К счастью, рана его не загнила и уже начала заживать, так что теперь доставляла скорей не страдания, а неудобства. Кожа вокруг загрубела, хотя он и смягчал ее и постоянно смазывал, когда выдавалась возможность. Однако он знал, что большой безобразный шрам останется на всю жизнь. Знал он и то, что всегда будет стыдиться своего уродства, вернувшись к жизни среди людей, не таких, как Эрнандес, который вежливо отводил глаза от безобразных рубцов. И все же юноша благодарил судьбу за то, что клеймо осталось на груди, а не на лице. Грудь можно прикрыть рубахой, лица не прикроешь ничем.
Дорог стало больше, и теперь Эрнандес в седле сидел прямее, высматривая знакомые приметы, чтобы не сбиться с пути.
— Давненько меня тут не было. Хорошие были деньки! — сказал он Алехандро. И показал рукой на один, отличавшийся от других, красивый дом. — Верной дорогой едем, еврей! Скоро, похоже, мы найдем чем утолить голод.

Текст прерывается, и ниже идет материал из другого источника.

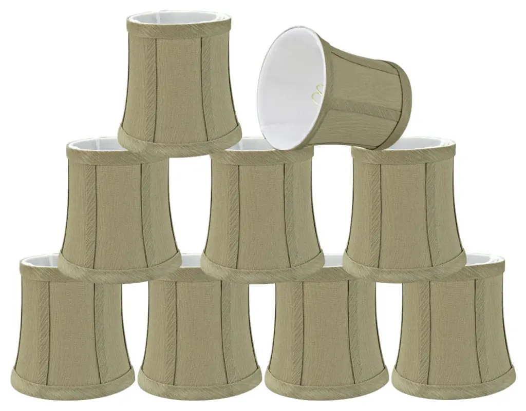 Aspen Creative is dedicated to offering a wide assortment of attractive and well-priced portable lamps, kitchen pendants, vanity wall fixtures, outdoor lighting fixtures, lamp shades, and lamp accessories. We have in-house designers that follow current trends and develop cool new products to meet those trends. Product Detail• Bell Shape Transitional (Mini Chandelier Lamp Shades) in Butter creme• Bell (clip on) Replacement Shade | Linen Fabric and Trim• Clip-on style fitter designed for bare Torpedo chandelier bulbs (bend tip bulbs not recommended) either in candelabra base (E12) or medium base (E26), light bulbs not included• Clip On Lamp Shade Dimensions: 2-1/Clip On Lamp Shade Dimensions: 2" top x 4" bottom x 5" slant height

Когда тени их на дороге, протянувшись к востоку, стали длиннее, они подъехали к городу под названием Гирона. С удовольствием Эрнандес отметил любопытство, появившееся на лице его негаданного компаньона при виде людей, заканчивавших дневные дела. Вид у них был вполне мирный и будничный, однако Эрнандес нисколько не сомневался, что среди них есть такие, кому вытряхнуть из них денежки все равно что поздороваться.
— Как бы они не уговорили тебя расстаться со своим кошельком, — сказал он и расхохотался. — Здесь нужно держать ухо востро.
Подопечный в ответ одарил его каменным взглядом, решив, что вполне освоился в пути и не нуждается в наставлениях.
— Хватит меня учить, Эрнандес, я не школьник. Ты что, думаешь, я не в состоянии проехать через город целым и невредимым?
— Я тревожусь не о езде через город, мой юный друг. Вот когда мы остановимся, накормим лошадей и сядем отдыхать, вот тогда и будешь в опасности. Остерегайся попасть в мягкие лапки какой-нибудь штучке, за спиной у которой кистень.
Алехандро разгневался на такие предостережения и подумал, что тут скорей Эрнандесу нужно поостеречься, а сам он в жизни до этого не опустится. Свои соображения он счел нужным высказать вслух:
— Лучше о себе позаботься! Вспомни, что сам говорил! Я молодой и красивый, а по тебе сразу видно, в скольких битвах ты участвовал. Сам подумай, кому легче стать чьей-то добычей!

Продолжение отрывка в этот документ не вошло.